In order to investigate differences in the magnetic sensors, the time courses of the root-mean-square (RMS) amplitudes of the subtracted magnetic fields (MMNm_SD or MMNm_TD) were calculated by using all of the left-side (96 sensors) or right-side (96 sensors) planar-type gradiometers in each subject. The most prominent RMS peak in each hemisphere ranging from 100 to 250 ms after the sound onset was defined as the MMNm response in each subject. The mean RMS value within the 10 ms time window around the RMS peak in each condition, each side, and each subject was used in statistical analysis. The mean RMS amplitudes and latencies of the MMNm responses were evaluated separately by means of repeated-measures analyses of variance (ANOVA) using the two factors DEVIANT_CONDITION [spectral deviant (SD) vs. temporal deviant (TD)] and HEMISPHERE (left vs. right).
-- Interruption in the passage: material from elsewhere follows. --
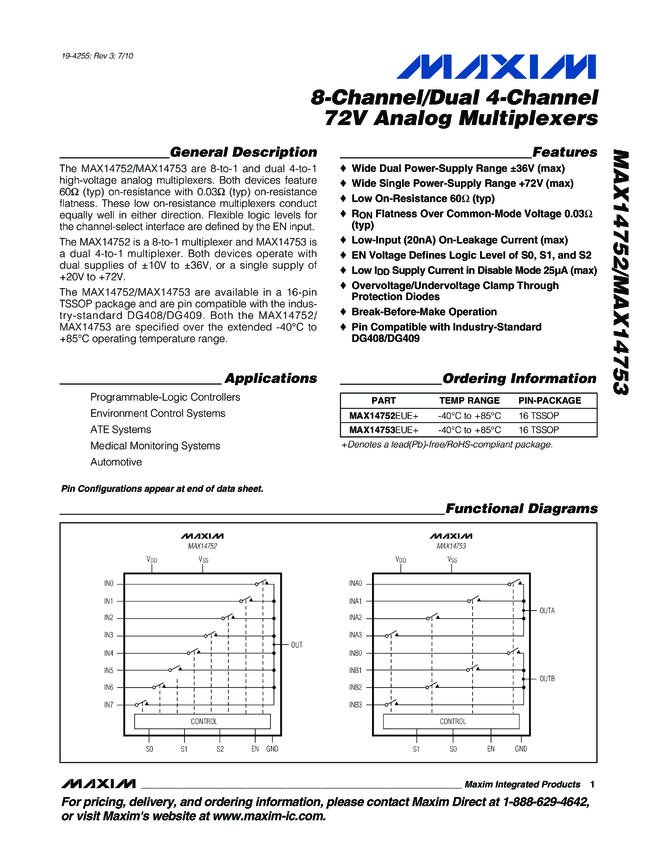 MAX14752, MAX14753 8-Channel/Dual 4-Channel 72V Analog Mux

The estimated single dipole source strength was shown to be modulated easily by the depth of the estimated location (Hillebrand and Barnes 2002). We could obtain reliable source strengths using identical source locations and orientations between conditions. In order to improve the signal-to-noise ratio, we averaged MMNm_SD and MMNm_TD in each subject and used the averaged magnetic waveforms to estimate the single equivalent current dipoles reflecting the MMNm response. The peak MMNm response was initially identified as the maximal RMS value of the global field power between 100 and 250 ms after TS onset. A 10 ms interval around the MMNm peak latency was selected, and the source locations and orientations were estimated using single equivalent current dipole modeling (one dipole per hemisphere) for each subject individually (BESA Research 5.3.7, BESA GmbH, Germany). We calculated the two equivalent current dipoles (one dipole per hemisphere) simultaneously by using all whole-head planar-type gradiometers (204 channels) for the MMNm source estimation. Dipole estimation was not successful in one subject, which reduced the number of subjects to N = 12. The goodness-of-fit for the MMNm dipoles of the remaining 12 subjects was more than 80 % (mean ± standard deviation: 89.0 ± 3.0). The estimated sources, which were fixed in location and orientation for each hemisphere of each subject, served as a spatial filter (Tesche et al. 1995) to calculate the source strength for each condition (SD and TD) and in each hemisphere (left and right) of each subject. The mean source strength within the 10 ms time window around the peak MMNm latency was used for further statistical analysis of the MMNm. In order to evaluate the effects of the deviant type and hemisphere, the source strengths and latencies of the estimated equivalent current dipoles corresponding to the MMNm responses elicited by the deviant stimuli (SD and TD) in each hemisphere were evaluated separately via a repeated-measures ANOVA using the two factors DEVIANT_CONDITION (SD vs. TD) and HEMISPHERE (Left vs. Right).
Results
Twelve subjects (except for one excluded subject) underwent an adequate number of trials to obtain auditory evoked fields for each condition after the artifact rejection [mean ± standard deviation: SD = 332.7 ± 3.6 (99.0 ± 1.1 %), TD = 333.8 ± 1.7 (99.3 ± 0.5 %), standard stimuli = 1556.2 ± 9.3 (99.2 ± 0.6 %)]. An example of individual magnetic field waveforms in each condition (SD, TD, and standard) and subtracted waveforms [MMNm_SD (SD–standard), MMNm_TD (TD–standard)] is shown in Fig. 2, which demonstrates the clear N1m-responses elicited by TS onset in the upper panels as well as MMNm-responses in the subtracted waveforms in the lower panels.
Fig. 2
Examples of individual magnetic waveforms. The upper panels represent the auditory evoked fields of one representative subject elicited by a spectral deviant (SD), b standard, and c temporal deviant (TD) sound stimuli. The lower panels show the magnetic waveforms obtained by the subtraction between a and b [d spectral mismatch negativity (MMNm_SD)] and between c and b [e temporal mismatch negativity (MMNm_TD)]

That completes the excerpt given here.